Ralph Musgrave said...

DBC Reed,

Contrary to your suggestion, there is no contradiction. That is, the fact that Duggan was no holding a gun does not prove the relevant policeman was not justified in shooting him. The CRUCIAL question is whether the policeman had reasonable grounds for thinking Duggan was still holding a weapon.

Moreover, if a policeman had inadvertently killed a member of the great train robber gang (who were all white) that wouldn’t have been right, but half the country (me included) would have opened a bottle of champagne. Plus there certainly wouldn’t have been any riots. But as soon as the police kill a coloured gangster, everyone is up in arms. A bit of inverted racism there, I think.

Anonymous said...

There's rather more to this than "inverted racism".

The police and IPCC, as per usual, handled this very poorly.

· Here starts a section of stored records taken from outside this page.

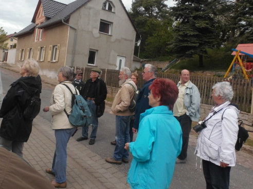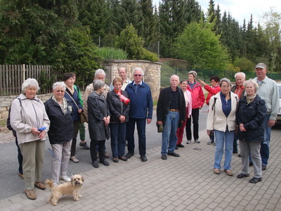 Ca. 30 Querfurter Wanderfreunde und ein kleiner Hund hatten sich am 9. Mai 2015 zur traditionellen Frühlings-wanderung des Altertums- und Verkehrsvereins Querfurt und Umgebung e.V. an der Nord-Ost-Bastion der Burg Querfurt eingefunden.
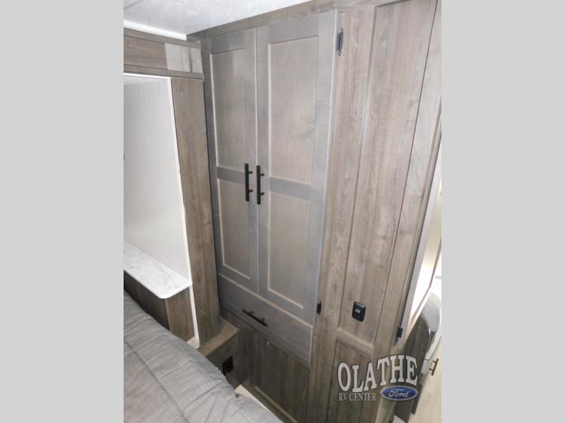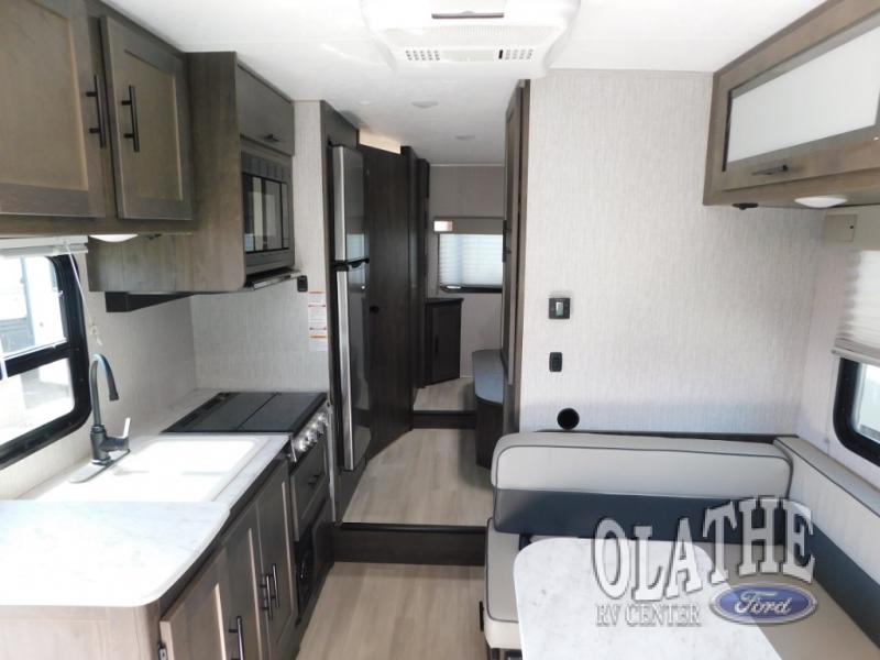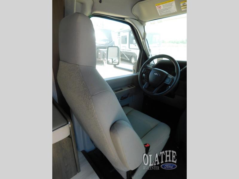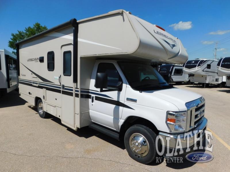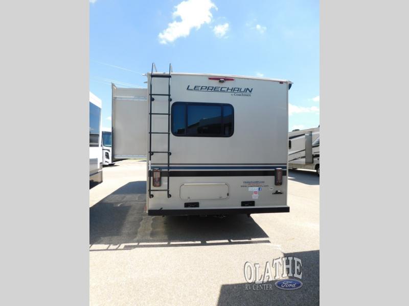 With each Leprechaun Class C gas motorhome by Coachmen you will enjoy "better" interior appointments, like the premium hardwood cabinet doors and drawer fronts, the one-piece thermofoil countertops, and the premium vinyl flooring. You will sleep soundly each night on the upgraded mattress, and staying clean will be easy with the premium showerhead and faucet in the bath. These models include reclining captain's seats, cruise control, and a rear backup camera so you can easily get in and out of the campground. The Leprechaun is constructed with Azdel composite sidewalls, CrossFlex PVC, polyester reinforced roof material, and vacu-bond laminated walls, roof, and floor for a durable motorhome made to last.
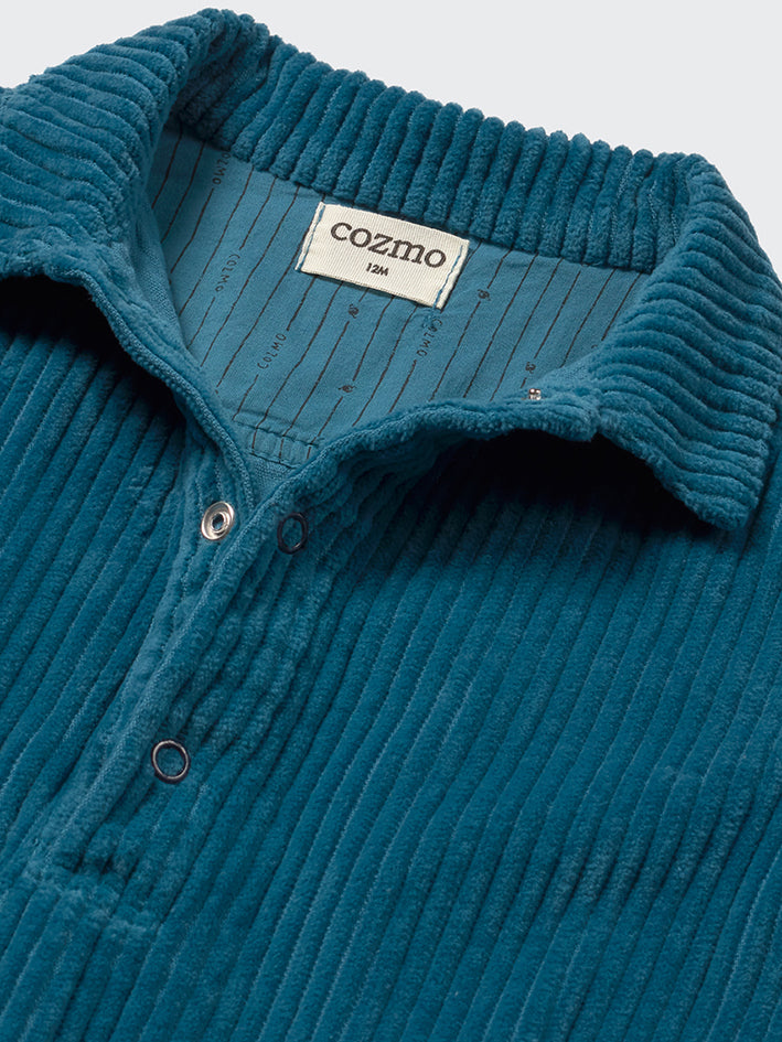 Super soft and cozy wide Trento Corduroy Jumpsuit in Midnight Blue by My Little Cozmo made from OCS and OEKO-TEX certified organic cotton. It features a shirt collar, button placket at the front, and rolled-up cuffs. Snap buttons run along the legs for easy dressing. The jumpsuit has a yoke and patch pockets at the back with contrasting corduroy details. Lined with signature ‘Cozmo’ fabric, it’s gentle to the touch and pleasantly snug—perfect for babies. Gentle texture, ideal for sensitive skin. Structured yet flexible for a snug, comfy fit. Gentle on the skin and the planet. A sustainable choice for your baby’s wardrobe. 100% organic cotton. Woven

Telling the media that Duggan fired his gun was a huge mistake - foundation of distrust right there. The inquest's independent witnesses don't corroborate the Met's version of events. No-one but the shooter saw the gun in Duggan's hand. No-one saw it fly through the air from the taxi to where it was found. And so on.

Met firearms officers are not trigger-happy - the stats do not bear this out. But when something goes wrong - an innocent being killed, or an unarmed criminal being killed - boy does it go wrong. False narratives, anonymous smears, inquiries and inquests that take an extraordinary period of time to be completed... people should not be surprised there is distrust and anger.

Bayard said...

UKL, one of the problems as I see it is that as soon as any public body admits it has made a mistake, people pile in with huge compensation claims, egged on by ambulance-chasing lawyers. So the temptation is always to admit nothing, even if this is a lie.

Anonymous said...

Bayard, I strongly doubt the first thing on their minds is saving the taxpayer some money.